I also highly recommend the Oxyfresh Pet Oral Hygiene solution. It has made Lincoln's breath near odorless. Scout has pretty bad breath, originating in his gut, so it doesn't help him quite as much (but it does help - I could really tell when I ran out!) so I am trying other things with him. 

I have a dental tool, but found the dogs too squirmy to use it on - I was afraid of slipping and injuring them. I think I'll leave that the the professionals. 

I just LOVE Tucker. Great photos!


----------



## marjrc (Jan 13, 2007)

Sheri, you don't have to drive 45 mins. to get "special" raw bones for Tucker. You just have to grab some chicken wings and neck at the grocery store! :biggrin1: I remove that pointy, useless tip on the wings and give the dogs one as a meal about 2x/week now. I started this past month since it had been since early spring that they had any. 

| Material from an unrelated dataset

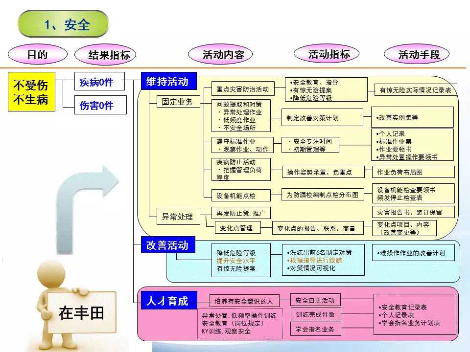 精益管理有七大任务,分别是:安全、质量、生产、设备、成本、人事和环境!有位牛人把这七大任务的流程总结成了7张图,非常精彩,希望能帮到您!

Wings are usually cheap and you can ask the butcher to slice chicken necks lengthwise down the middle which will make it easier for Tucker to chew without swallowing whole chunks. The bones on a chicken neck are soft and small and the wings are easily chewed down too. Ricky and Sammy just had a wing this a.m. for brekkie and love it! I used to give the bones frozen or partially frozen, but now thaw them almost completely. Summer is fine for frozen wings, but there's not much point to it now. Ricky will sometimes ask to bring his out on the deck where it's colder than indoors nowadays so I'm not at all worried about the raw meat. Raw meaty bones are the best toothbrush in the world. :biggrin1:

Just remember that they take the place of a meal usually.


----------



## Jane (Jun 2, 2007)

marjrc said:


> I remove that pointy, useless tip on the wings and give the dogs one as a meal about 2x/week now.


Hi Marj,

Do you give your dogs the other parts of the wing too? I would like to try it - I always throw out those pointy tips on chicken wings anyway!


----------



## marjrc (Jan 13, 2007)

Yes Jane, I give everything on the chicken wing, but that pointy piece, so 2/3 of the wing.


----------



## Sheri (Oct 11, 2008)

Marj,
Do you think that dogs choking on bones is an old wive's tale, then? I'd love to give Tucker bones, but am so afraid he'd get splinters in his throat or intestinal system. I thought that if I went to those specialty stores and got a big bone, then he couldn't actually injest any to cause problems, but would just scrub his teeth by chewing on it.

Sheri


----------



## Beamer (Jan 29, 2007)

Sheri,
If you buy those big bones which are not injestible, then that means they are to hard and heavy to eat, and will probbaly break teeth!

Ryan


----------



## Havtahava (Aug 20, 2006)

Sheri, never give *cooked* poultry bones to a dog. Cooked bones splinter, and this is where most of the basis for the "old wives tales" originate. If you don't have a problem with giving bones, then give them RAW poultry.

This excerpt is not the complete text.